Maharashtra Seamless Limited Urges Shareholders to Claim Unclaimed Dividends
Maharashtra Seamless Limited has formally notified shareholders whose dividends have remained unclaimed for seven consecutive years that their equity shares are liable to be transferred to the Investor Education and Protection Fund (IEPF) Authority during the financial year 2026-27. Individual notices were dispatched to the concerned shareholders on May 6, 2026, and the development was communicated to the stock exchanges on May 7, 2026, in compliance with Regulation 30 of SEBI (Listing, Obligations and Disclosure Requirements) Regulations, 2015, read with SEBI Master Circular No. HO/49/14/14(7)2025-CFD POD2/1/3762/2026 dated January 30, 2026.
The action is mandated under Section 124(6) of the Companies Act, 2013, read with the Investor Education and Protection Fund Authority (Accounting, Audit, Transfer and Refund) Rules, 2016, as amended from time to time and notified by the Ministry of Corporate Affairs. Under these provisions, companies are required to transfer shares in respect of which dividends have not been claimed for seven consecutive years to the IEPF set up by the Central Government. In the case of Maharashtra Seamless, the unclaimed dividend period commences from the financial year 2018-19.

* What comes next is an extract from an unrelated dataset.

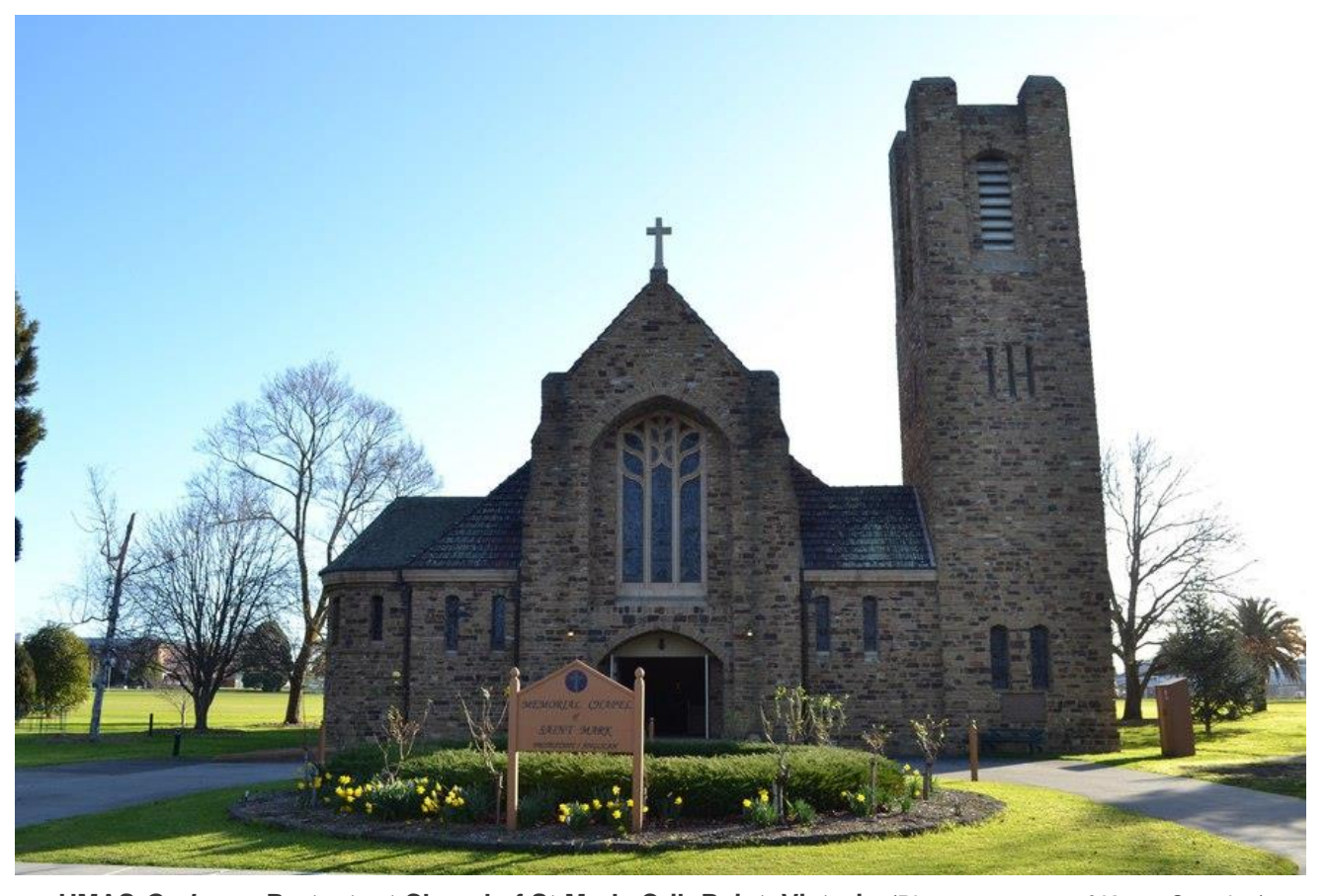
HMAS Cerberus Protestant Chapel of St Mark, Crib Point, Victoria

Shareholders are urged to act before the stipulated deadline to avoid the involuntary transfer of their holdings. The following key details summarize the action required:
- Notice Dispatch Date: May 6, 2026 - Exchange Intimation Date: May 7, 2026 - Unclaimed Dividend Period Commencing: Financial Year 2018-19 - Deadline to Claim Dividends: October 15, 2026 - Registrar and Transfer Agent: Alankit Assignments Limited (Unit – Maharashtra Seamless Limited) - RTA Address: Alankit House, 4E/2, Jhandewalan Extension, New Delhi-110055 - Corporate Office (Claim Submission): Plot No. 30, Institutional Sector-44, Gurugram-122003
The process for claiming outstanding dividends involves submitting claims to the Company Secretary at the Corporate Office or to the Registrar and Transfer Agent. The documentation requirements differ based on the mode of holding:
For shares held in demat form: - Self-attested copy of the Client Master List - Payment will be remitted electronically to the bank account registered against the demat account
For shares held in physical form: - Investor Service Request Forms ISR-1, ISR-2, SH-13 (Nomination Form) or ISR-3 (opting out of Nomination), duly filled as per instructions - Supporting documents including an original cancelled cheque leaf stating the account holder's name - Investor Service Request Forms are available on the Company's website at www.jindal.com
If dividends remain unclaimed by October 15, 2026, the concerned equity shares will be transferred to the IEPF. For shares held in physical form, the transfer will be effected by issuing duplicate share certificates, upon which the original share certificates will be deemed cancelled and non-negotiable. For shares held in demat form, the Company will issue appropriate corporate action instructions to the Depositories. Following the transfer, any corporate benefits arising from the shareholding will be credited to the IEPF.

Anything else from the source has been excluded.